When Jake Emspak stepped up to the jury box to deliver his own final plea, he promptly picked up the challenge.

"I have known the District Attorney too well, for too many years," he said, "to believe that he has considered only the superficial aspects of this case. If you should find the defendant guilty, I am sure he would be the last to oppose consideration of all the matters I have raised in the determination of a just sentence.

"And I grant you that if a verdict of guilty is reached, the letter of the law will be fulfilled, and an eye for an eye can be paid.

"Likewise, if the verdict is not guilty, the letter of the law most unquestionably will be violated—but its spirit will be vindicated!

"I am asking you to take a bold step, across a new frontier.... Yes, down through the ages, law has become a living, meaningful instrument of human dignity because—at each crossroad of decision—men and women were not afraid to depart from precedent!"

Oldtimers in the court had never before heard Jake Emspak summarize a case in such dispassionate, objective tones. Usually, his voice and argument ranged the gamut of emotional and semantic appeals, plucking at each member of the jury like the strings of a harp.
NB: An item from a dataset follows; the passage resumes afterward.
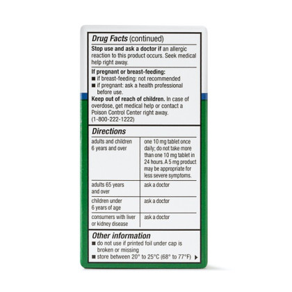 About This Item We aim to show you accurate product information. Manufacturers, suppliers and others provide what you see here, and we have not verified it. See our disclaimer Compare to Zyrtec® active ingredient. Cetirizine Hydrochloride Tablets, 10 mg active ingredient is Cetirizine Hydrochloride, 10 mg, an antihistamine approved for the treatment of both indoor and outdoor allergy symptoms. One dose works for a full 24 hours. Temporarily relieves indoor and outdoor allergy symptoms in adults and children 6 years and over. Each tablet contains 10 mg of Cetirizine Hydrochloride. Original prescription strength. All-day allergy relief. For indoor & outdoor allergies. 24-hour relief of: sneezing; runny nose; itchy, watery eyes; itchy throat or nose. Equate Cetirizine 10MG, 90 count: Equate's Allergy Relief active ingredient is Cetirizine Hydrochloride 10 mg, an antihistamine approved for the treatment of both indoor and outdoor allergy symptoms. One dose of Cetirizine Hydrochloride works for a full 24 hours. Allergy Relief is approved to temporarily relieve indoor and outdoor allergy symptoms in adults and children 6 years and over. Each tablet contains 10 mg of Cetirizine Hydrochloride. Original prescription strength. All day allergy relief. For indoor & outdoor allergies. 24 hour relief of: sneezing runny nose itchy, watery eyes itchy throat or nose Cetirizine Hydrochloride is the #1 Allergist Recommended Adult Oral Antihistamine OTC Active Ingredient* *Of U.S. physicians surveyed by an independent market research firm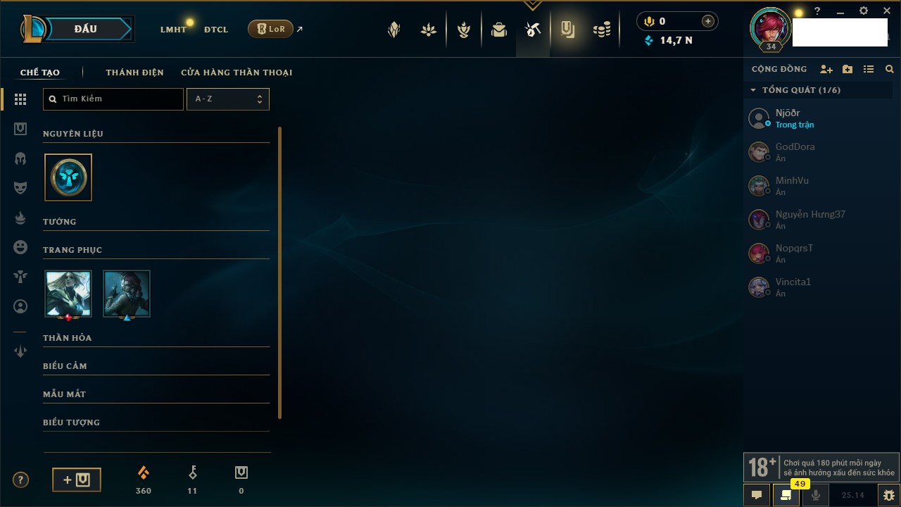 Rank Đơn: Chưa rank mùa nàoKhung: Chưa có khungTướng: 159 - Còn 15030 THXTrang Phục: 5Rank ĐTCL: Chưa RankLinh Thú: 51

Today, he seemed to be making an effort to hold himself in check.

"This is the trial of a living man for the crime of a man who no longer exists," Jake continued quietly. "Science destroyed that man—completely and with absolute finality! In his place is a man with a new body, new thoughts, new blood and new reproductive capacity. The fact that this new man can be brought to trial violates justice in its deepest and truest meaning! It points inescapably to the fact that the law must be revised to bring it up to date with present reality...."

Jake paused and was silent for so long that he appeared to have forgotten his surroundings. When he finally continued, his voice was so soft that the jurors unconsciously leaned forward to catch his words:

"There is still another dimension to this case—one that transcends science ... and the law. It is one I approached with great uncertainty, because it leads down a path I am walking for the first time....
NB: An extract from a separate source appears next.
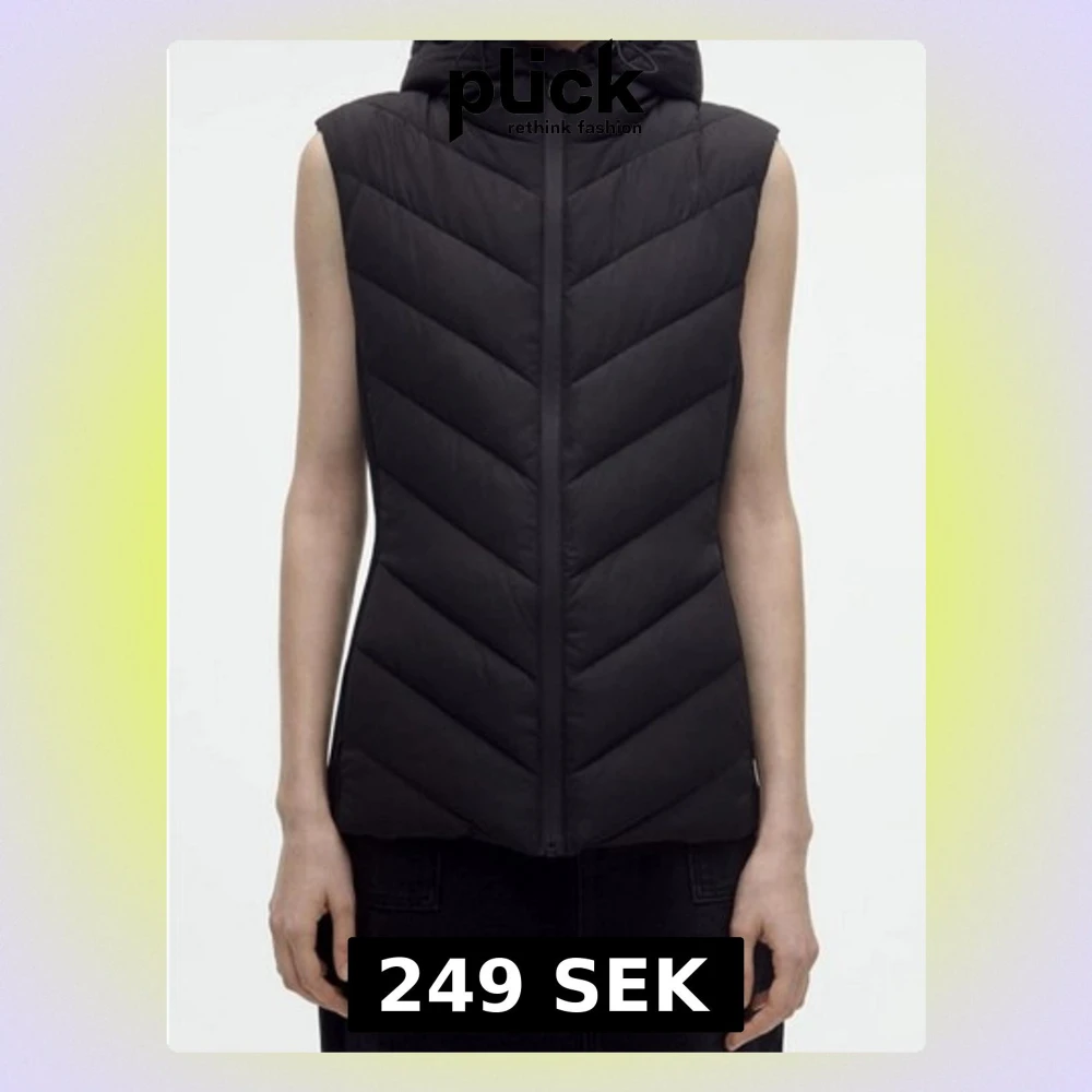 Snygg svart dunväst med huva o dragkedja framtill. Västen har ett modernt, vadderat mönster i chevron-stil o är figurnära i modellen. Använd fåtal gånger så bra skick.

"Some of the testimony brought out in this trial may not have been new to all of you, though it was new to me. Perhaps you have all formed your own conclusions with regard to the relationship between the spirit or soul of Man, and his outer shell ... the house in which man lives. But if this house becomes a prison for the real man, and science releases him to live in a new dwelling, then did the man ever actually exist until his release? And if the man who lives now did not exist at the time of the crime for which he is tried, can he then be judged guilty?